Why The Blair Witch Project still matters, 17 years after its debut
Back in 1999, a tiny, amateurish, independent horror film called The Blair Witch Project managed to turn a massive $248 million profit on a meager $600,000 investment, while scaring audiences despite a lack of onscreen violence and gore. So what happened here? Good luck? Good timing? Genuine cinematic skill on the part of directors Eduardo Sanchez and Daniel Myrick? With a new Blair Witch film headed for theaters in a couple of weeks, YouTuber Ryan Hollinger examines the original phenomenon in an installment of his web series Ryan’s Theory entitled “The Blair Witch Project: Why Is It Important?”

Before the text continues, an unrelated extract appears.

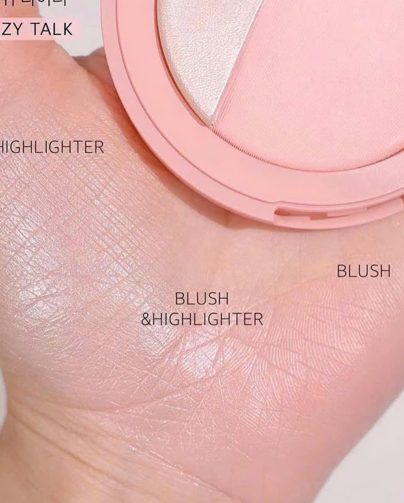 Thiết kế 2 trong 1 kết hợp má hồng và highlight trong cùng một ô, vừa tạo màu má hồng tự nhiên, vừa thêm độ sáng nhẹ, bắt sáng cho gương mặt thêm rạng rỡ, lấp lánh.

Even though Blair Witch was a trendsetter and game changer for cinematic horror, it was far from original. Its pseudo-documentary structure had already been used in films like 1980’s Cannibal Holocaust and 1998’s The Last Broadcast. So what made The Blair Witch Project special? As Hollinger sees it, it was the first major horror film to take full advantage of the internet.

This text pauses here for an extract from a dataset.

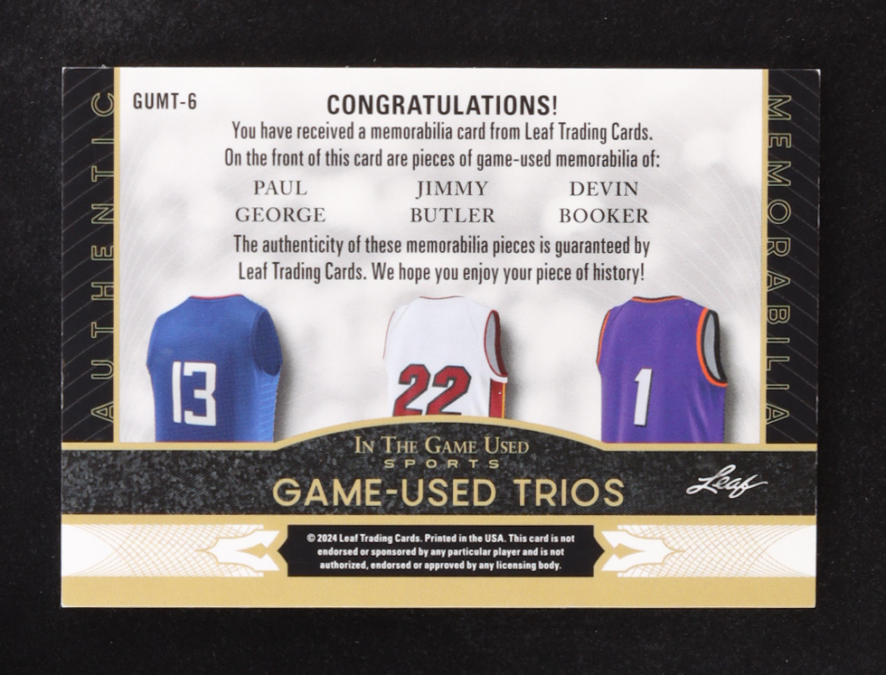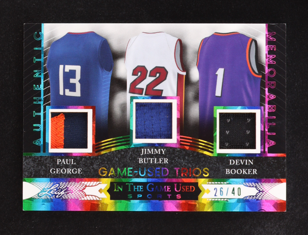 Paul George / Jimmy Butler / Devin Booker 2024 Leaf ITG Used Game-Used Trios Crystal Rainbow #GUMT6 #26/40

By 1999, people were just starting to make the internet part of their daily lives. But there was no such thing as social media at the time, nor were there convenient video-sharing platforms. In short, information got around a lot slower in those days. Sanchez and Myrick cleverly kept the origins of their entirely fictional film shrouded in mystery but built up an elaborate, spooky mythology on the popular Blair Witch promotional website. The movie’s rough-hewn, shaky style, created by having then-unknown actors film themselves with handheld digital cameras, was not like anything the general public had ever seen on the big screen. Audiences of 1999 believed Blair Witch could actually be true, which lent authenticity to its vague jump scares.
The movie did not invent the “found footage” style. Italian filmmaker Ruggero Deodato had been there almost two decades previously. But The Blair Witch Project brought the technique into the mainstream. The runaway success of 2007’s Paranormal Activity helped make “found footage” a much-imitated horror cliche, a trend confirmed by the next year’s Cloverfield. But the current wave can definitely be attributed to the success of Blair Witch.